Hey, it’s done. I am now going to block any further electronic correspondence I have been getting from those wanting me to spend money on their candidates’ campaign.

‘Election day’ arrives

Notice the quotation marks around the words “Election day,” and also notice I didn’t capitalize “day.”

It’s because the actual election day will be15 days from now. However, I am going to march into the belly of the beast sometime Monday to cast my ballots for a slew of candidates and issues along my lengthy ballot in Princeton, Texas.

I still cannot define with clarity why I have decided to break with the tradition of waiting until Election Day to cast my ballot. I won’t try.

I am just going to drive to the polling place and wait to cast my ballot. I am going to vote enthusiastically for a number of races, such as for president and the US Senate. I won’t belabor the points on why. You know why.

It’s a full ballot and none of the candidates with whom I am most familiar present any real threat of a candidate making a deal-breaking mistake between now and the day they count all the ballots. I will split my ballot among Democrats and Republicans.

I do enjoy the pageantry, such as it is, about Election day or Day. Indeed, I would support shutting down everything for Election Day, which this year falls on Nov. 5. Why not make casting our ballots for whom we want to lead us a national holiday?

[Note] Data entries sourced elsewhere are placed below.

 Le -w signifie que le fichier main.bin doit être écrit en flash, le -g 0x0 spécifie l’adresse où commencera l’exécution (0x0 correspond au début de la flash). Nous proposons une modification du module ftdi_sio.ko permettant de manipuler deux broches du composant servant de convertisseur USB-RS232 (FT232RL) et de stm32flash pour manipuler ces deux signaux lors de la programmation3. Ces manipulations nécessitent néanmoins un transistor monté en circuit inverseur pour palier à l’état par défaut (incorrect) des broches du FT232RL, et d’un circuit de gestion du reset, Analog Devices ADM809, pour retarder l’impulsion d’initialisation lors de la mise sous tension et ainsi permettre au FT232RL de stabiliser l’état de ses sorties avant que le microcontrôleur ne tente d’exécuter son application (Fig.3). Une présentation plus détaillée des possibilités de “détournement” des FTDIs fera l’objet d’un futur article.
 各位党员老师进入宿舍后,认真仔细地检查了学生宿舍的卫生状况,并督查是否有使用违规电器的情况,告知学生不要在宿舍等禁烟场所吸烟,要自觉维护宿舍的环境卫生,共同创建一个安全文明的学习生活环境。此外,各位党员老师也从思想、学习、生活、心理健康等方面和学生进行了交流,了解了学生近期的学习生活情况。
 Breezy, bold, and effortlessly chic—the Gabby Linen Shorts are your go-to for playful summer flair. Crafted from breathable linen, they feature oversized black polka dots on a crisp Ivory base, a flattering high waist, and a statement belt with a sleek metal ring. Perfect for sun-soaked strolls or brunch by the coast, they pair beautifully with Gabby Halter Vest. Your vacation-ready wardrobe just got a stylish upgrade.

That’s another story for another day.

A big day awaits tomorrow as Texas goes to the polls.

Harris enrages Trump’s base … good for her!

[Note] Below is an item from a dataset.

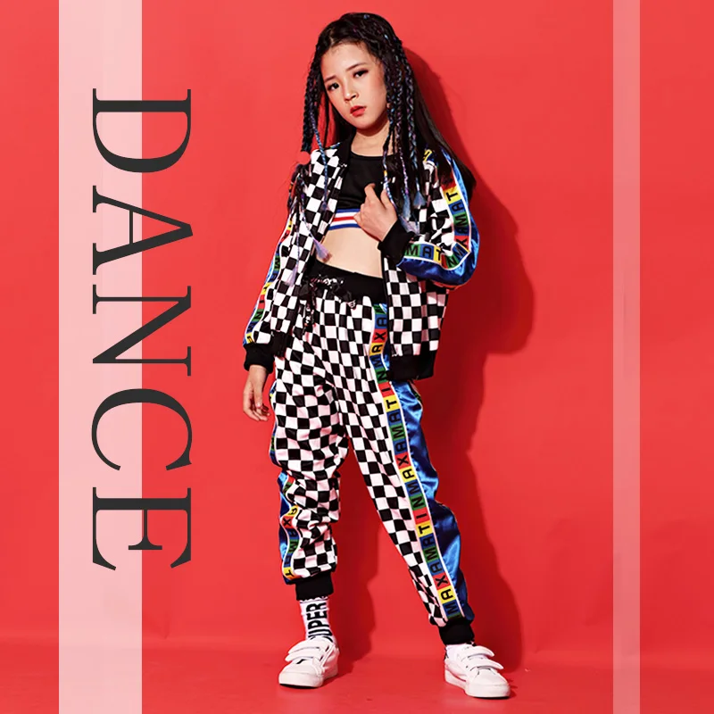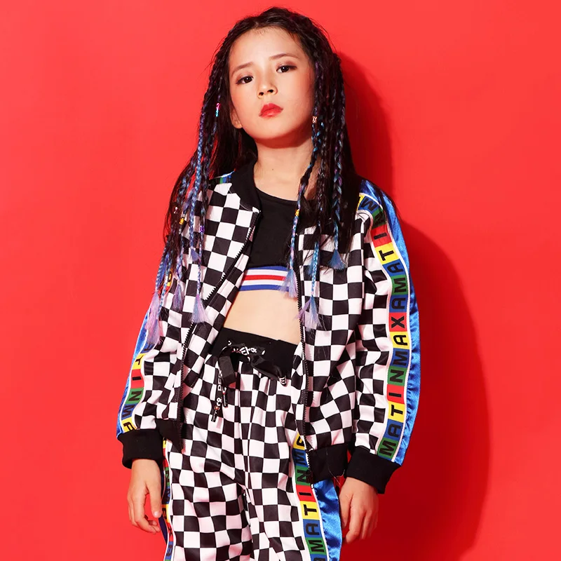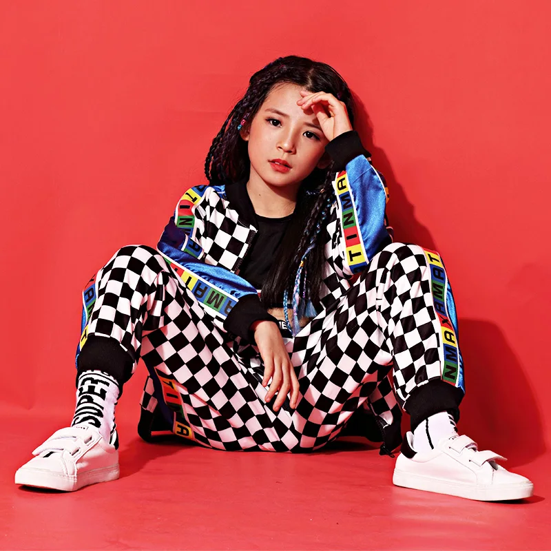 . (Zniżka 39%) Skup Tanie Tide Girls Boys Jazz kostium taneczny zestaw odzież hip hopowa garnitur w kratę Street Dancewear odzież sportowa dla dzieci DL3128 Cena.
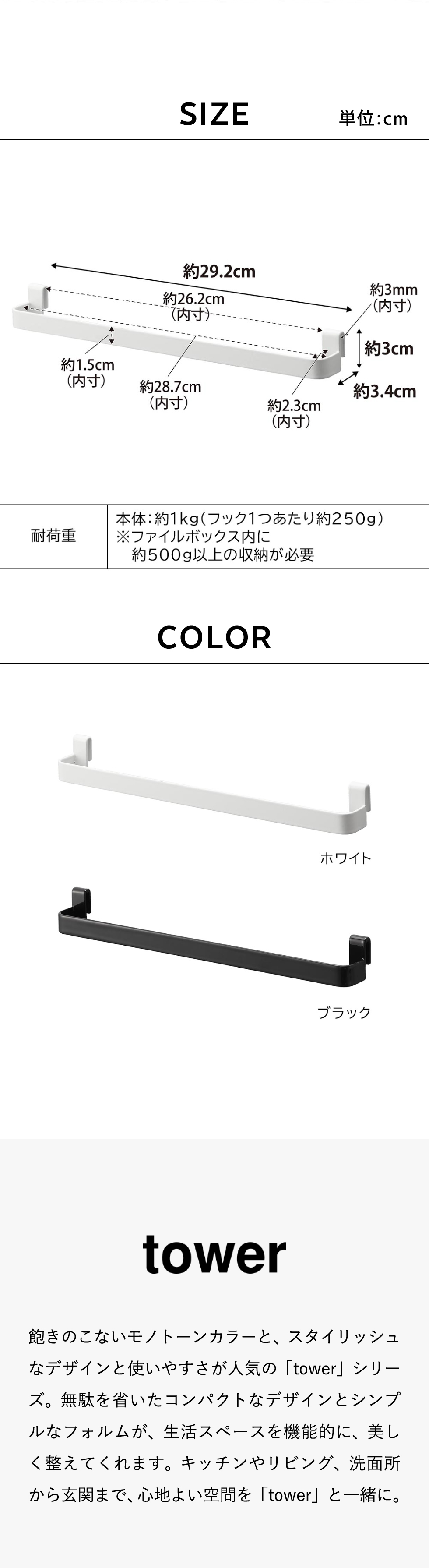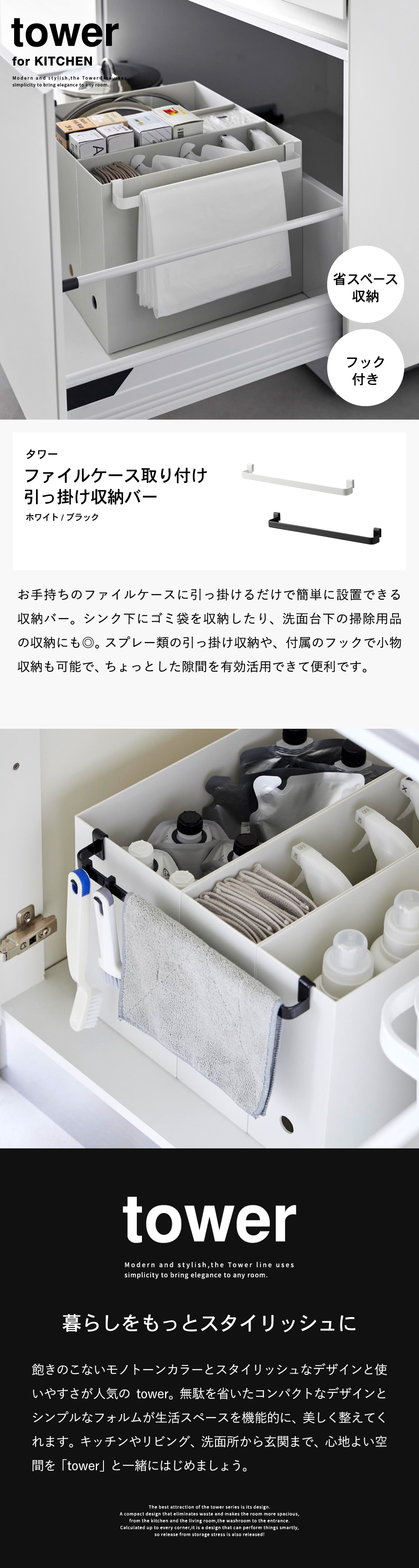 ファイルケース取り付け引っ掛け収納バー タワー 山崎実業 tower キッチン 2048 2049 ホワイト ブラック

Vice President Kamala Harris is employing a politically risky strategy as she enters the home stretch in her bid to become the 47th president of the United States.

Oh, how I want this effort to pay off.

She is talking to Donald Trump-friendly media organizations and is telling their audiences the hard truth about their hero.

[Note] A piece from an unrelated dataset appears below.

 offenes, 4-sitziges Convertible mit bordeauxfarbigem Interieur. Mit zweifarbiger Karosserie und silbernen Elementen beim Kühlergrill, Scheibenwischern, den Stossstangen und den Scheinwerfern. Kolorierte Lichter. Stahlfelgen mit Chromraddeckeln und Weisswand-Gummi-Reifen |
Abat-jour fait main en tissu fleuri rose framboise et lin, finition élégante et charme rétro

He is a weakling masquerading as a tough guy, she has said. Trump panders to dictators, seeking favors in return. Harris reminds her audiences it takes far more strength to build people up than to tear them down.

We all know what this will do to the MAGA base that continues to support this buffoon. It will rile ’em up, get ’em stoked, provoke the MAGA morons to levy threats.

The VP is banking on another outcome as well, that she will rile women around the nation who want to restore women’s reproductive rights, who have grown weary of Trump’s dark vision for the future of the country.

Kamala Harris is mining the depths of the electorate for Republicans who can be persuaded that Trump’s darkness has no place in a country that for centuries has been the source of eternal optimism.

You are aware of my bias. I’m all in on what Kamala Harris’s 11th-hour political strategy is seeking to do for her. May it serve to persuade others of the danger that Trump presents for the nation we all love.

We aren’t that dumb … are we?

I have been wrestling with a nagging notion ever since the campaign between Kamala Harris and Donald Trump began taking shape.

It goes something like this: Are American voters really and truly ready for forgive the actions of a candidate who vows to weaponize the Justice Department to get back at his foes? Are we really prepared to hand over the nuclear launch codes to someone who cherishes love notes from dictators intent on destroying this country? Do we really want to entrust the health and welfare of ;poor Americans to someone who doesn’t give a rat’s rear end about them?

If we are, then we’re in a world of hurt, man.

I don’t know whether Trump will be able to win this election. Late polling indicators are causing me some mild dyspepsia. The idea that Americans would embrace this clown — whom they fired four years by 7 million votes — simply boggles my noodle.

His recent lies about the government being unwilling to assist storm victims are laced with ignorance, buttressed by loathing of those victims.

Furthermore, as a veteran who was sent to Vietnam in the late 1960s, I resent viscerally his description of my fellow vets as “losers and suckers” who answered their country’s call to report for duty in a hostile-fire zone.

But that, too, is OK with many of the MAGA cultists who comprise the bulk of this guy’s base.

If this guy can pull this charade off … well, God help us.